(Collected data entries)

════

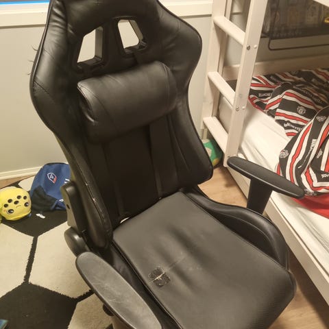 Gamingstol i svart og hvitt med nakkestøtte og justerbare armlener. Stolen har en ergonomisk design med høy rygg og er egnet for lengre bruk ved skrivebord eller gaming. Har kun brukt det til gaming og det funker veldig bra. Grunnet salg er at jeg har fått ny som gave,
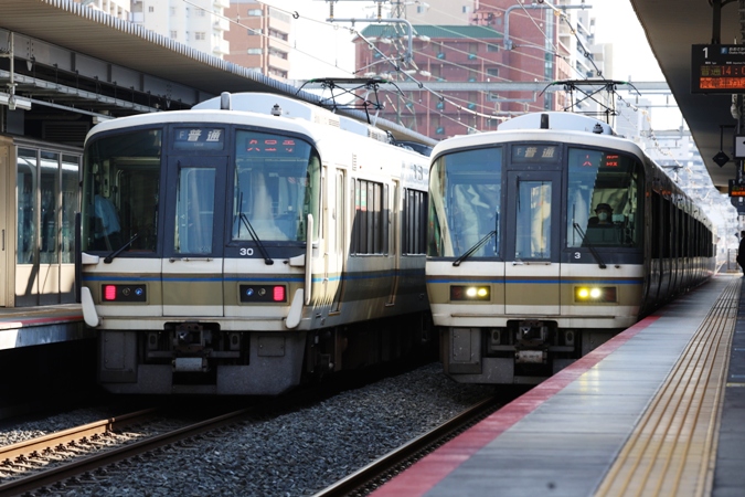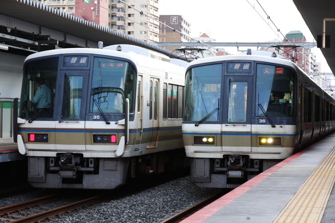 (左)クモハ221-35 近ナラ 2458S (右)クモハ221-36 近ナラ 2461S/おおさか東線JR野江駅
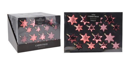 Ozdoba vianočná HVIEZDA (8 x 6 cm / 8 x 5 cm) RUŽ mix (16 ks).
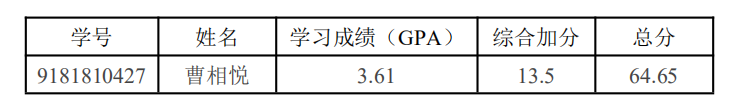 经学校研究,现为食品科技学院增加推荐免试研究生名额1个,根据《mgm赌场 关于推荐免试研究生(含“直博生”)推荐工作的补充规定(试行)》第十条规定,增补人员根据替补学生加权总分从高到低排序确定,现予以公示。
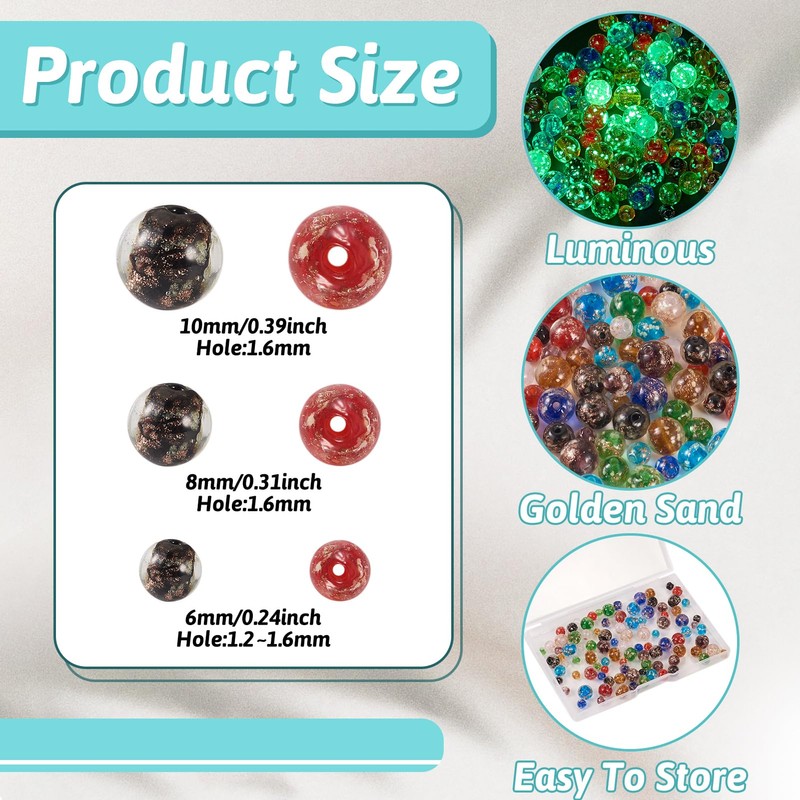 - Feature: These lovely beads are decorated with gold sand, making them elegant and will be the highlight of your jewelry. And they are luminous, will surprise you in the dark.

════

Work item: In the copy, include every record exactly and no pictures.

Result of the exercise:
 Gamingstol i svart og hvitt med nakkestøtte og justerbare armlener. Stolen har en ergonomisk design med høy rygg og er egnet for lengre bruk ved skrivebord eller gaming. Har kun brukt det til gaming og det funker veldig bra. Grunnet salg er at jeg har fått ny som gave,
 (左)クモハ221-35 近ナラ 2458S (右)クモハ221-36 近ナラ 2461S/おおさか東線JR野江駅
 Ozdoba vianočná HVIEZDA (8 x 6 cm / 8 x 5 cm) RUŽ mix (16 ks).
 经学校研究,现为食品科技学院增加推荐免试研究生名额1个,根据《mgm赌场 关于推荐免试研究生(含“直博生”)推荐工作的补充规定(试行)》第十条规定,增补人员根据替补学生加权总分从高到低排序确定,现予以公示。
 - Feature: These lovely beads are decorated with gold sand, making them elegant and will be the highlight of your jewelry. And they are luminous, will surprise you in the dark.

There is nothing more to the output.